Functional sulfur-doped zinc-nickel-cobalt oxide nanorods materials with high energy density for asymmetric supercapacitors

Transition metal oxides as the most promising electrode materials for supercapacitors has attracted widespread attention. However, their applications are limited by their sluggish charge transfer kinetics and insufficient active sites.
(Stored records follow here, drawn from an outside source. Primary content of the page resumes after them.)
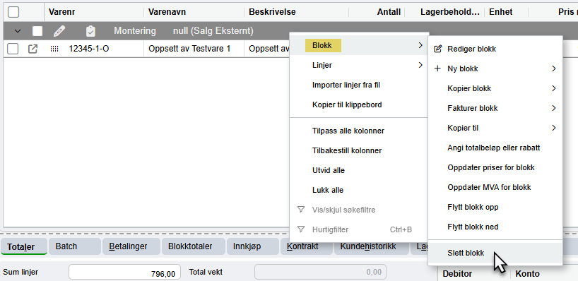For flere valg angående blokker, høyreklikk i ordrevinduet på en eksisterende blokk. Her vil du bl.a. kunne legge til nye blokker, slette blokken, flytte den opp eller ned i ordren, kopiere blokken til en bestilling, eller legge til rabatter.
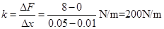 知,F-x图线的斜率为弹簧的劲度系数,即![]()
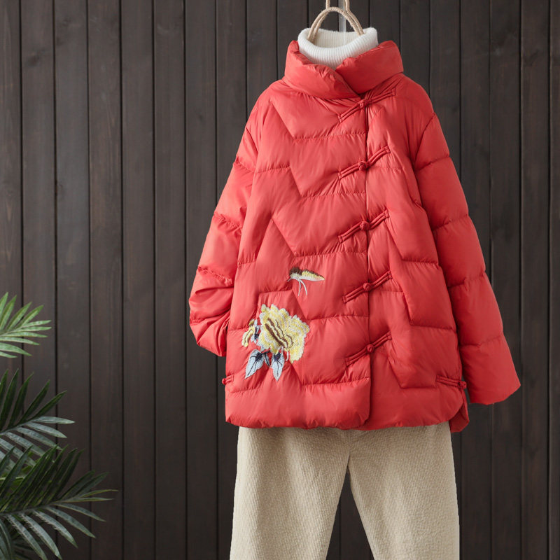 Зимняя ретро куртка, лонгслив, пуховик, коллекция 2022, с вышивкой, увеличенная толщина
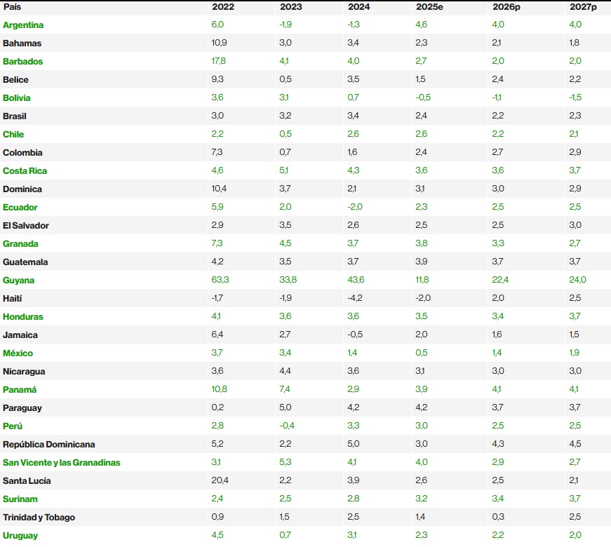 Estas previsiones aparecen en el ‘Informe económico para América Latina y el Caribe – octubre 2025’ que publica este martes el Banco Mundial, que cifra en 2,3% el crecimiento de la economía de la región este año, y en un 2,5% en 2026.
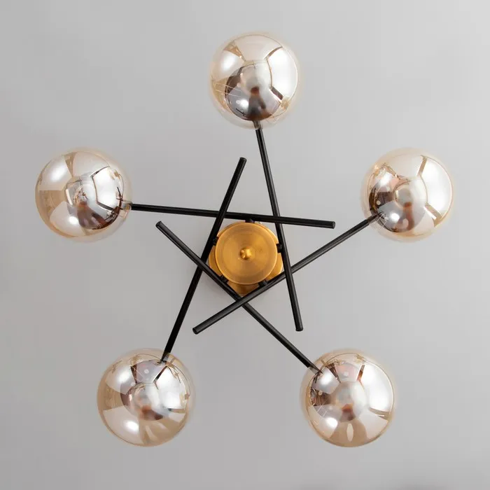 Свет, который становится акцентом интерьера! Потолочная люстра с пятью лампами и контрастным дизайном — это мощное и стильное освещение для гостиной, спальни, кухни или прихожей площадью до 15 м². Золото и чёрный в сочетании с янтарными стеклянными шарами создают эффект современной роскоши без излишней вычурности.
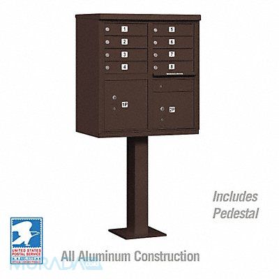 Cluster Box Unit 1 Type Number of Doors 10 Color Bronze Height 62-3/4 in Depth 30-1/2 in Width 18 in Box Material Aluminum Loading Front Mounting Pedestal Orientation Horizontal Slot Capacity 11-3/4 in W x 3/4 in H Door Material Aluminum Finish Powder Coated Post Height 28-1/2 in Post Material Aluminum Post Thickness 12 in Net Weight 145 lb Includes Pedestal
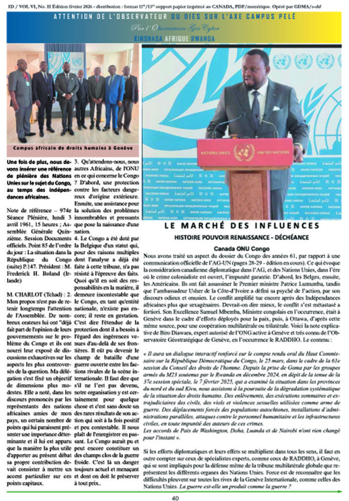 Nous avons traité un aspect du dossier du Congo des années 61, par rapport à une communication officielle de l’AG-UN (pages 28-29 – édition en cours). Ce qui évoque la considération canadienne diplomatique dans l’AG, et des Nations Unies, dans l’ère où le crime colonialiste est ouvert, l’impunité garantie. D’abord, les Belges, ensuite, les Américains. Ils ont fait assassiner le Premier ministre Patrice Lumumba, tandis que l’ambassadeur Usher de la Côte-d’Ivoire a défini sa psyché de l’action, par son discours odieux et onusien. Le conflit amplifié tue encore après des Indépendances africaines plus que sexagénaires. Devrait-on dire mieux, le conflit s’est métastasé a fortiori. Son Excellence Samuel Mbemba, Ministre congolais en l’occurrence, était à Genève dans le cadre d’efforts déployés pour la paix, puis, à Ottawa, d’après cette même source, pour une coopération multilatérale ou trilatérale. Voici la note explicative de Biro Diawara, expert autorisé de l’ONG active à Genève et très connu de l’Observatoire Géostratégique de Genève, en l’occurrence le RADDHO, dont le contenu :

Herein, we report the preparation of sulfur-doped zinc-nickel-cobalt oxides (SZNCO) using the synergistic effect of heteroatom doping and defect engineering by hydrothermal treatment and sulfurization method. The morphology and microstructure are characterized by powder X-ray diffraction (XRD), transmission electron microscopy (TEM), high-resolution TEM (HRTEM), selected area electron diffraction (SAED), energy dispersive spectrometry (EDS) mapping, X-ray photoelectron spectroscopy (XPS) and Raman spectra. The results demonstrate the successful doping of sulfur atoms and introduction of oxygen vacancies, which increases the redox reaction active sites and further improves the electrochemical kinetics of the electrode material, giving rise to a high specific capacitance (2919.60 F g-1 at 1 A g-1) and better electrical conductivity of the S-ZNCO electrode. Furthermore, the assembled S-ZNCONF//AC device achieves a high energy density of 72.97 W h kg-1 at a power density of 825 W kg-1. This work opens up new opportunities to design of advanced transition metal compounds for supercapacitors. (c) 2021 Published by Elsevier B.V.

Automated summary

Transition metal oxides are promising electrode materials for supercapacitors, but their applications are limited by slow charge transfer kinetics and insufficient active sites. This study reports the preparation of sulfur-doped zinc-nickel-cobalt oxides using heteroatom doping and defect engineering, which successfully increases the redox reaction active sites and improves the electrochemical kinetics of the electrode material. The results show a high specific capacitance and energy density for the SZNCO electrode, demonstrating the potential for advanced transition metal compounds in supercapacitors.